Aim of the task |
Please output the data exactly, without omitting anything.

Dataset excerpt |

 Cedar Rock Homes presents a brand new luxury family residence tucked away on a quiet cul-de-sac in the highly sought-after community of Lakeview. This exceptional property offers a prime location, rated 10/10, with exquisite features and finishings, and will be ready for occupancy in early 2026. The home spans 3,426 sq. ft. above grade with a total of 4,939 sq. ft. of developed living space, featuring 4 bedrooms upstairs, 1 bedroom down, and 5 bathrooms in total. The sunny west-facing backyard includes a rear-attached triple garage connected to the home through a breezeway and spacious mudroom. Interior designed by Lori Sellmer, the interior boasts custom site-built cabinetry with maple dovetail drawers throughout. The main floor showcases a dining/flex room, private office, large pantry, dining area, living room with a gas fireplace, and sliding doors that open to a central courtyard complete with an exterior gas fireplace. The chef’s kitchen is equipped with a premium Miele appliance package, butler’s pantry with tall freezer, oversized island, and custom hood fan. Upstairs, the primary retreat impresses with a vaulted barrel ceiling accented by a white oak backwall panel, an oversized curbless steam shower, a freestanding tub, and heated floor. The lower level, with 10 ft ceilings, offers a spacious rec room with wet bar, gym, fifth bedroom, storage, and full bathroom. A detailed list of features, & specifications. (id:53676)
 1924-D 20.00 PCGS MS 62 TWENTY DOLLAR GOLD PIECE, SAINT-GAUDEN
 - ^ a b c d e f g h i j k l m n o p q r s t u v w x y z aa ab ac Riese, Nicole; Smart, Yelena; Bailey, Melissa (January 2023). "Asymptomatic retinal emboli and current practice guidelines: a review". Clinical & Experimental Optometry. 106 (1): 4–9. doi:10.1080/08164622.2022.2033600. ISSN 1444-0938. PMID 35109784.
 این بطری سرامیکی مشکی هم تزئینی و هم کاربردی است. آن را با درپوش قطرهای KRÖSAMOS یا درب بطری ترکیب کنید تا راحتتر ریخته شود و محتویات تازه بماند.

Answer space |
 Cedar Rock Homes presents a brand new luxury family residence tucked away on a quiet cul-de-sac in the highly sought-after community of Lakeview. This exceptional property offers a prime location, rated 10/10, with exquisite features and finishings, and will be ready for occupancy in early 2026. The home spans 3,426 sq. ft. above grade with a total of 4,939 sq. ft. of developed living space, featuring 4 bedrooms upstairs, 1 bedroom down, and 5 bathrooms in total. The sunny west-facing backyard includes a rear-attached triple garage connected to the home through a breezeway and spacious mudroom. Interior designed by Lori Sellmer, the interior boasts custom site-built cabinetry with maple dovetail drawers throughout. The main floor showcases a dining/flex room, private office, large pantry, dining area, living room with a gas fireplace, and sliding doors that open to a central courtyard complete with an exterior gas fireplace. The chef’s kitchen is equipped with a premium Miele appliance package, butler’s pantry with tall freezer, oversized island, and custom hood fan. Upstairs, the primary retreat impresses with a vaulted barrel ceiling accented by a white oak backwall panel, an oversized curbless steam shower, a freestanding tub, and heated floor. The lower level, with 10 ft ceilings, offers a spacious rec room with wet bar, gym, fifth bedroom, storage, and full bathroom. A detailed list of features, & specifications. (id:53676)
 1924-D 20.00 PCGS MS 62 TWENTY DOLLAR GOLD PIECE, SAINT-GAUDEN
 - ^ a b c d e f g h i j k l m n o p q r s t u v w x y z aa ab ac Riese, Nicole; Smart, Yelena; Bailey, Melissa (January 2023). "Asymptomatic retinal emboli and current practice guidelines: a review". Clinical & Experimental Optometry. 106 (1): 4–9. doi:10.1080/08164622.2022.2033600. ISSN 1444-0938. PMID 35109784.
 این بطری سرامیکی مشکی هم تزئینی و هم کاربردی است. آن را با درپوش قطرهای KRÖSAMOS یا درب بطری ترکیب کنید تا راحتتر ریخته شود و محتویات تازه بماند.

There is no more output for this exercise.